Sunderland fire station to close

Sunderland fire station to close

Tyne and Wear Fire Rescue has announced that Sunderland’s fire station is to close, in an attempt to save money.

The decision was made yesterday (January 20th) as part of the cuts to funding. Community operations at Wallsend and Gosforth will also shut and be replaced by a new station at Benton. In addition, 131 frontline firefighter posts will be lost.

However, the Fire Brigade Union ( FBU ) was left “stunned” by the decision and Dave Turner, its secretary for Tyne and Wear, said they were “the most devastating cuts in the service’s history”.

“These cuts will put lives at risk. The government has already cut fire services to shreds, but these new attacks are worse than ever.”

Labour Sunderland Central MP Julie Elliott said she was devastated by the news, claiming she did not believe the consultation on the options was meaningful. She spoke of her intention to write to the fire authority to voice her concerns and suggested a move back to the drawing board to see how the cuts could be implemented and ensure the service’s reserves were used sensibly.

Sunderland will now be without its own fire station for the first time in more than 100 years. In addition, during quieter nights, two fire engines will stand down for up to 12 hours at a time.

Chief fire officer Tom Capeling said it was now a “challenging” time for the service, but that the changes would be rolled out slowly over the next three years. He did admit it would be unable to continue with the level of operation that the fire crews currently provide.
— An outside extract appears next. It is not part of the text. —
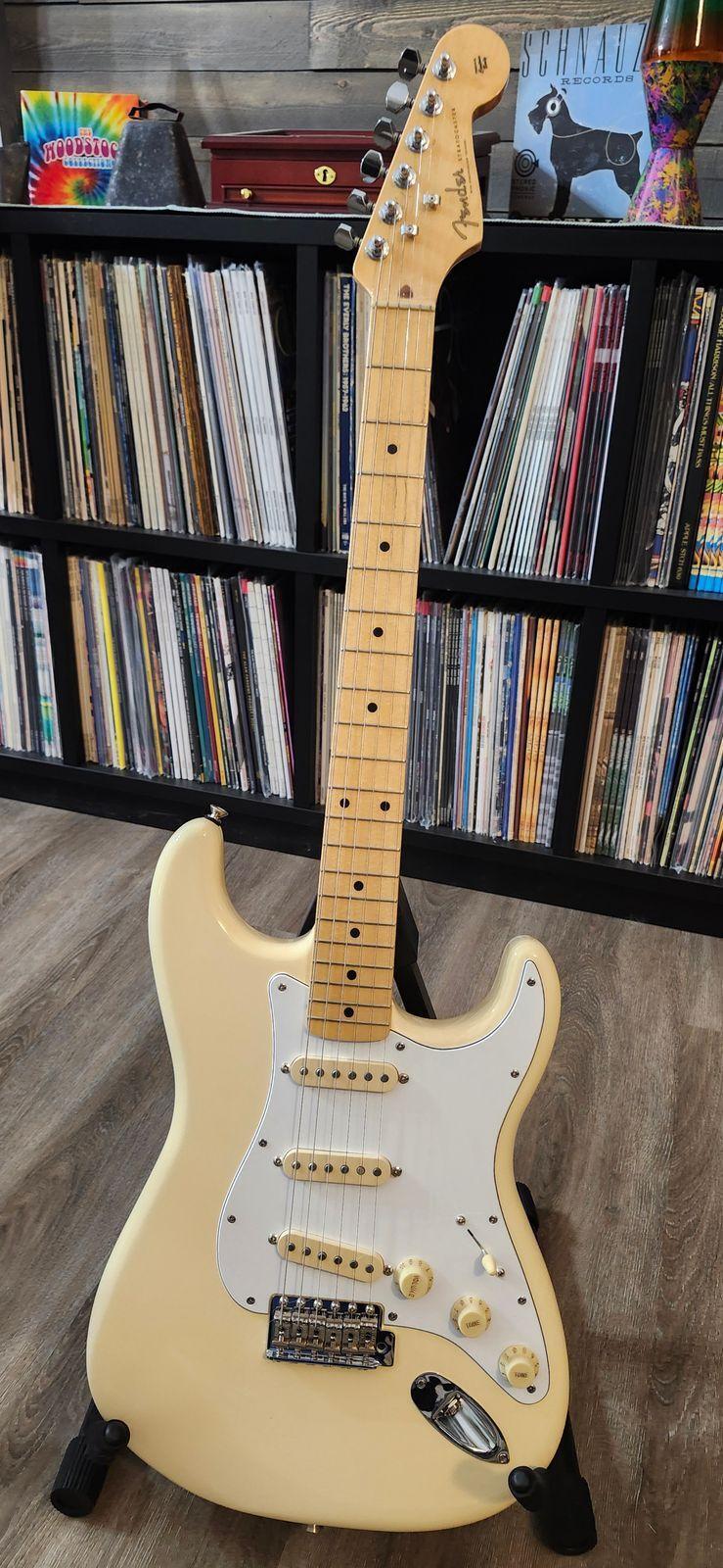 Jimi Hendrix Style Stratocaster Fender Body and hardware, Fender made in Japan neck 9.5 radius (I wasn't fond of the stupid looking backwards headstock so I decided to build my own) Guyker Locking Tuners (when drilling for these I accidentally chipped one of the holes - shown in pics) you really have to look close to see it, other than that this guitar is flawless. This is how Jimi's looked not that ugly thing their selling whoever came up with that idea should be fired. Cost me way more to build it then I'm asking !

These cuts form part of an attempt to save £13.6 million by 2017.

The FBU also suggested the Tyne and Wear fire authority was sitting on between £25 million and £35 million of reserves, yet chose to ignore the views of firefighters and the communities in Tyne and Wear by making the “most severe” cuts out of the potential options.

Commercial buildings, non-domestic and multi-occupancy premises in England and Wales are already forced to undertake a ‘suitable and sufficient’ fire risk assessment carried out under the Regulatory Reform (Fire Safety) Order 2005.

While the overwhelming majority of premises do this, if the assessment is thought to have been carried out to an insufficient extent, the Responsible Person can face an unlimited fine or up to two years in prison.